= Beginning of Section =
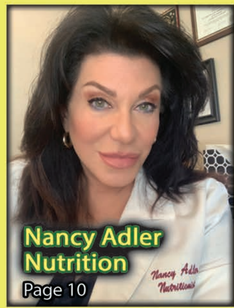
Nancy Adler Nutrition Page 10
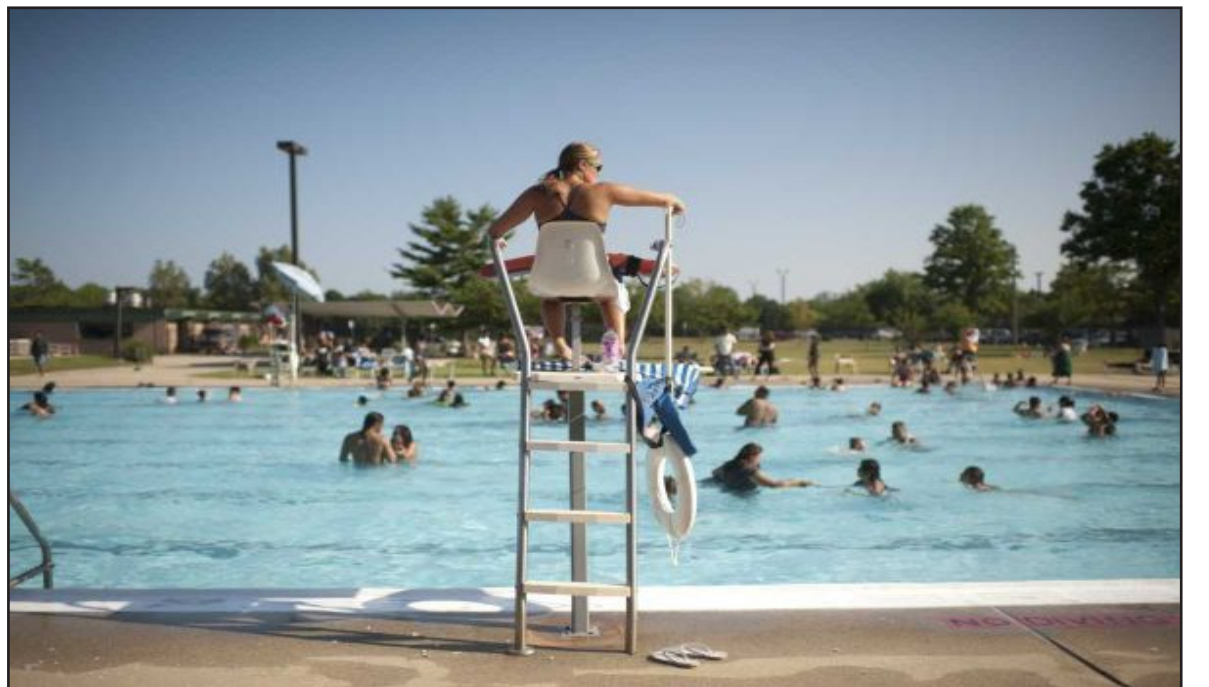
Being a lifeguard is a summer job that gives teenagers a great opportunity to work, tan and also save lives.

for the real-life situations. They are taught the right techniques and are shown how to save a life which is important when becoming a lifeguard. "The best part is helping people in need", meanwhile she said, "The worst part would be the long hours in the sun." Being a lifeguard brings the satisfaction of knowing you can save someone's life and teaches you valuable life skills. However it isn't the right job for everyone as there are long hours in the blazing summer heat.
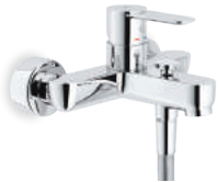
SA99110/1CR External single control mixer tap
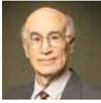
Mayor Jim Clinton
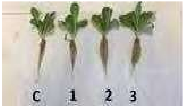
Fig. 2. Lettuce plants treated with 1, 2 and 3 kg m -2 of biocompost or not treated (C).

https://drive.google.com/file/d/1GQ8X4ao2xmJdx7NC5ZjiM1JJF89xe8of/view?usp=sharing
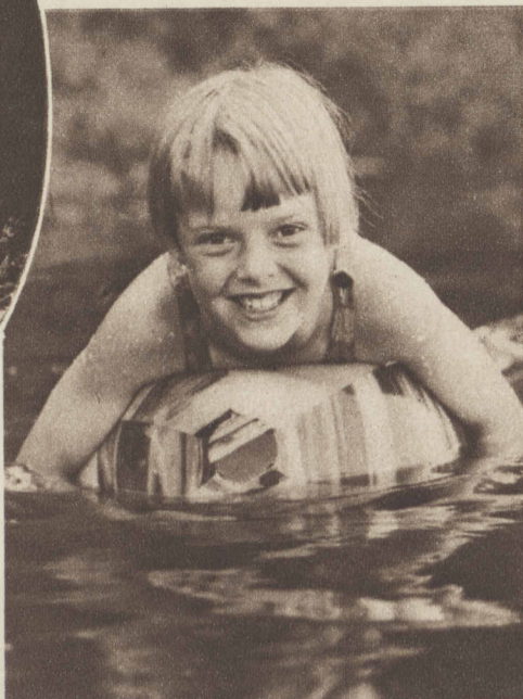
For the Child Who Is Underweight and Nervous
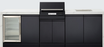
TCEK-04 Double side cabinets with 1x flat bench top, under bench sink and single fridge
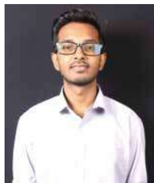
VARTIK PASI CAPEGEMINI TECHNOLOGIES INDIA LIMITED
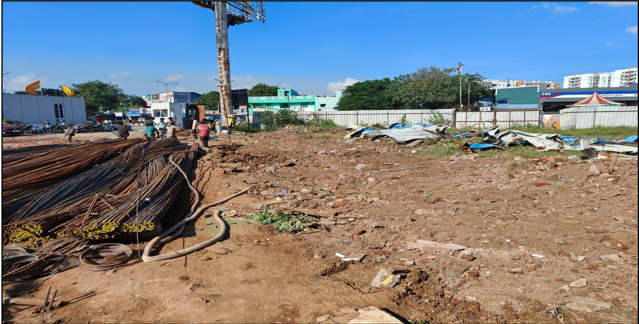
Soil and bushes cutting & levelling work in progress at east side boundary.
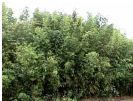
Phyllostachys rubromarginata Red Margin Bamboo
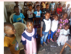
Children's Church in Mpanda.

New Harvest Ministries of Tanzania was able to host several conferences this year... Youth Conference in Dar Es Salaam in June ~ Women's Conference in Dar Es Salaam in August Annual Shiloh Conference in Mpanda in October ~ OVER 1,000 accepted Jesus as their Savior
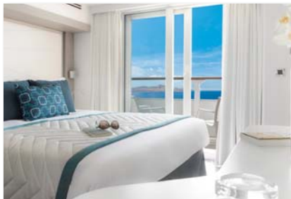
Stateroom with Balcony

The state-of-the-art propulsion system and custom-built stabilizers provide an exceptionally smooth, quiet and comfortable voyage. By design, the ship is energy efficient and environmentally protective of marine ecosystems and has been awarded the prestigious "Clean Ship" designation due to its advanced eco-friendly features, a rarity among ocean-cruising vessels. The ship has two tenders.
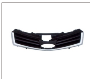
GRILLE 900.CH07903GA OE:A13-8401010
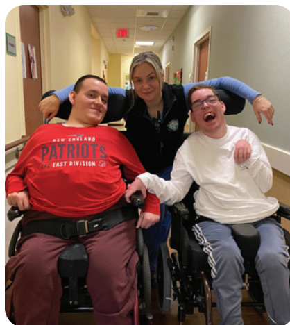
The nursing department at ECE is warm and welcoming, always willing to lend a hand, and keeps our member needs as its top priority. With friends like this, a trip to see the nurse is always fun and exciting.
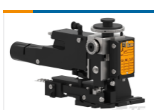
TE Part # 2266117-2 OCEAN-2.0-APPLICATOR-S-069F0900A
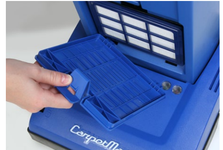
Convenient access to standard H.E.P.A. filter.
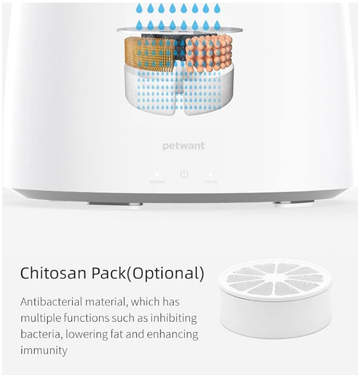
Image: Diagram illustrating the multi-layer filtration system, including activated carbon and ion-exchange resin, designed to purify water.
= End of Section =
WORK ORDER: Everything in the records must be transcribed exactly, except the pictures, which are left out.

YOUR SOLUTION:
Nancy Adler Nutrition Page 10
Being a lifeguard is a summer job that gives teenagers a great opportunity to work, tan and also save lives.

for the real-life situations. They are taught the right techniques and are shown how to save a life which is important when becoming a lifeguard. "The best part is helping people in need", meanwhile she said, "The worst part would be the long hours in the sun." Being a lifeguard brings the satisfaction of knowing you can save someone's life and teaches you valuable life skills. However it isn't the right job for everyone as there are long hours in the blazing summer heat.
SA99110/1CR External single control mixer tap
Mayor Jim Clinton
Fig. 2. Lettuce plants treated with 1, 2 and 3 kg m -2 of biocompost or not treated (C).

https://drive.google.com/file/d/1GQ8X4ao2xmJdx7NC5ZjiM1JJF89xe8of/view?usp=sharing
For the Child Who Is Underweight and Nervous
TCEK-04 Double side cabinets with 1x flat bench top, under bench sink and single fridge
VARTIK PASI CAPEGEMINI TECHNOLOGIES INDIA LIMITED
Soil and bushes cutting & levelling work in progress at east side boundary.
Phyllostachys rubromarginata Red Margin Bamboo
Children's Church in Mpanda.

New Harvest Ministries of Tanzania was able to host several conferences this year... Youth Conference in Dar Es Salaam in June ~ Women's Conference in Dar Es Salaam in August Annual Shiloh Conference in Mpanda in October ~ OVER 1,000 accepted Jesus as their Savior
Stateroom with Balcony

The state-of-the-art propulsion system and custom-built stabilizers provide an exceptionally smooth, quiet and comfortable voyage. By design, the ship is energy efficient and environmentally protective of marine ecosystems and has been awarded the prestigious "Clean Ship" designation due to its advanced eco-friendly features, a rarity among ocean-cruising vessels. The ship has two tenders.
GRILLE 900.CH07903GA OE:A13-8401010
The nursing department at ECE is warm and welcoming, always willing to lend a hand, and keeps our member needs as its top priority. With friends like this, a trip to see the nurse is always fun and exciting.
TE Part # 2266117-2 OCEAN-2.0-APPLICATOR-S-069F0900A
Convenient access to standard H.E.P.A. filter.
Image: Diagram illustrating the multi-layer filtration system, including activated carbon and ion-exchange resin, designed to purify water.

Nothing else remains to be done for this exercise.